# Good luck with that....



## Lucky13 (May 24, 2020)

At Amazon....glad that I've got it!


----------



## fubar57 (May 24, 2020)

Lordy...............


----------



## Lucky13 (May 24, 2020)

Sit at "only" £450 on Amazon....


----------



## RW Mk. III (May 24, 2020)

I don't understand the business model with these books. Yes you have a commodity item. But is anyone actually spending that much on one of these books? I don't care how rich you are that's financially irresponsible. Seems like the seller is just guaranteeing they have to warehouse the thing for eternity. And that's paying rent for a deadbeat roommate.

Is there an algorithm kicking these numbers out or is it just sheer optimistic greed.

Reactions: Agree Agree:
1 | Like List reactions


----------



## Capt. Vick (May 24, 2020)

No deal. Crazy


----------



## Hornchurch (Aug 7, 2020)

RW Mk. III said:


> *
> Is there an algorithm kicking these numbers out* or........


'


I can tell you for an absolute certain 100% degree that, "Yes, that IS the case, for real" - ("Algorithm")

I know, from strange & almost bitter-experience - I've had it happen THREE times, this year alone......

There was a book that I wanted (I won't say which, as I'm still a few Volumes missing) = I kept tabs on it ('overwatch')

After a real heavy-spend (elsewhere), I thought...... "I'll have that next-week, as a new fiscal-month is commencing (for me).

Bookmarked it - Went back following-week (circa 5-6 days later) - Price had jumped from £4.85 plus P&P, to £44.85 ?

"Strange methinks" - "I mean, jumping from £4.85 to £44.85 = An EXACT 10 x times jump in price" (also noted by another family member

Cursed my luck (not having picked it up), BUT, having spent VERY heavily elsewhere - I wanted it "in" a bundle-deal.

Checked back TWICE - No change - Later again, No change. - 4th attempt = 1 month later & "Bingo", it was back down to £4.85

Given these series of books usually fetch about £25.00-£30.00, I knew I was doing well, but, the 'Algorithm' had also struck before.

Same on an AIRFIX AMRSTRONG WHITWORTH WHITLEY (1/72 kit) - Usually sub-£40.00, I watched 'em tumble, SLOWWWWWLY

Knowing "the game" (Algorithm), I waited & I waited & I waited...... Finally puled the trigger at £18.95 and bought TWO

It's happened yet again, this time on a book called 'Battle For Berlin' (Bombers) - Same $h!te as I related, earlier.

Again, another 'secondhand-book', that REALLY had zero-business loitering within the £40.00+ bracket (was £6.95 new)

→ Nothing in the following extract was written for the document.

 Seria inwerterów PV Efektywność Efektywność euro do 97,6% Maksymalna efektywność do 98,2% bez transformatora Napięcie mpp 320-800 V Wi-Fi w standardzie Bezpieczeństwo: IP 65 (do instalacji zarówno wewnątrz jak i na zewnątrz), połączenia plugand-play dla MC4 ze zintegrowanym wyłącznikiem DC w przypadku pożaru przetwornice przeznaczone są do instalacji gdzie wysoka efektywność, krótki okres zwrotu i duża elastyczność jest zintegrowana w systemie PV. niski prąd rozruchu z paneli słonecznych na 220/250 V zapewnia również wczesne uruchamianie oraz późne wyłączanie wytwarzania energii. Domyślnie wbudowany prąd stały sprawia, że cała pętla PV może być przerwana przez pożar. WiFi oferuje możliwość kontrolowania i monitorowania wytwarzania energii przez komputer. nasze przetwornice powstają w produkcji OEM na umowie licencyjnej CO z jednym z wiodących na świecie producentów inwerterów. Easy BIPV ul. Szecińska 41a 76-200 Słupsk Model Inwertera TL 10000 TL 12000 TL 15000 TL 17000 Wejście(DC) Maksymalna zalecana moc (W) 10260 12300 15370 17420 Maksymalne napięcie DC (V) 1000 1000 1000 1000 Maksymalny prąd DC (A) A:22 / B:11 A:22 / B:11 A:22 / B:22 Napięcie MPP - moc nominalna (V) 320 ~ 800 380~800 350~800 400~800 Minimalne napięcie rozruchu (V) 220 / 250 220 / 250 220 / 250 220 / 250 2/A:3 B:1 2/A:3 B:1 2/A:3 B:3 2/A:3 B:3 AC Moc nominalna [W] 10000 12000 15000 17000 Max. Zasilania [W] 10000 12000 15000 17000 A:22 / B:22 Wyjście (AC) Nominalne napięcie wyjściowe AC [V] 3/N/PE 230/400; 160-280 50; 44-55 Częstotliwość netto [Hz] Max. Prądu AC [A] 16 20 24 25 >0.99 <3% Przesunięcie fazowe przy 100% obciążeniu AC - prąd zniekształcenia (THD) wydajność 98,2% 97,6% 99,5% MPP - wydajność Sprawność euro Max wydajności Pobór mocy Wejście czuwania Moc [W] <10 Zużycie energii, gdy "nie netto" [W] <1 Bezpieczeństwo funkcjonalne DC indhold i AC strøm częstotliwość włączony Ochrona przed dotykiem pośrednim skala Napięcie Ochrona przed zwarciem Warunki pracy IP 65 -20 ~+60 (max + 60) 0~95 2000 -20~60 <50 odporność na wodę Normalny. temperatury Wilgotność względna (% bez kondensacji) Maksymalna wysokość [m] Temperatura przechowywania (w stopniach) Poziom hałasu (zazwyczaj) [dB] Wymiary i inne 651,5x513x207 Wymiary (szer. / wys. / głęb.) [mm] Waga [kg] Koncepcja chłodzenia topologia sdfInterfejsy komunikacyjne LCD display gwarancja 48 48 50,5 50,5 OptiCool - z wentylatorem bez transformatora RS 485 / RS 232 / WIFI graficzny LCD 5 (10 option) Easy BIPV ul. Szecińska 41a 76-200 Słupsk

Played "the usual" waiting-game, then, snagged it for around a 'fiver' *£5.50 plus

I've noticed that "This Game" (Algorithm), = ONLY seems to happen with/within the "Big Players" who trade online.

Wise to it now, but, like I say, only the big-boys engage in that strange & curious tactic.

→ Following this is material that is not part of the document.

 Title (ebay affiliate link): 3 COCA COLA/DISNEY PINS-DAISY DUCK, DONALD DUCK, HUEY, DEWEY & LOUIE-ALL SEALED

As for the '*Mushroom-Models' Stranraer* book, I bought it 'new' for around £8.00 - (At the time, an Ebay seller, good-repute)

In fact, I bought ALL of my "Kagero" & "Mushroom Models" books from him, as he clearly had links w/publishers.

Bought a shedload ; Books on the 'Folgore', but the two 'best' were "Consolidated Mess"(B.24) & the RAF Coastal B.17 Fortress books.

The two latter, were, again absolutely MINT/CRISP/Brand-spanking-new & ALL my "Kagero" books WERE Hermetically-sealed, too.

Sadly, (like SO many others of his ilk), Mark has "chucked in the towel" with Ebay - (they NEVER looked after 'sellers' anyhow)

Golden-pickings whilst they lasted, along with another vendor (since chucked-in the towel), *£40.00* BNIB *Badger 100-LG Airbrushes*.

The latter, ironically, was a "KEY" (Locksmith) establishment, whom, presumably, bought bankrupt stock (?), but a God-send, nonetheless.

.

Reactions: Informative Informative:
1 | Like List reactions


----------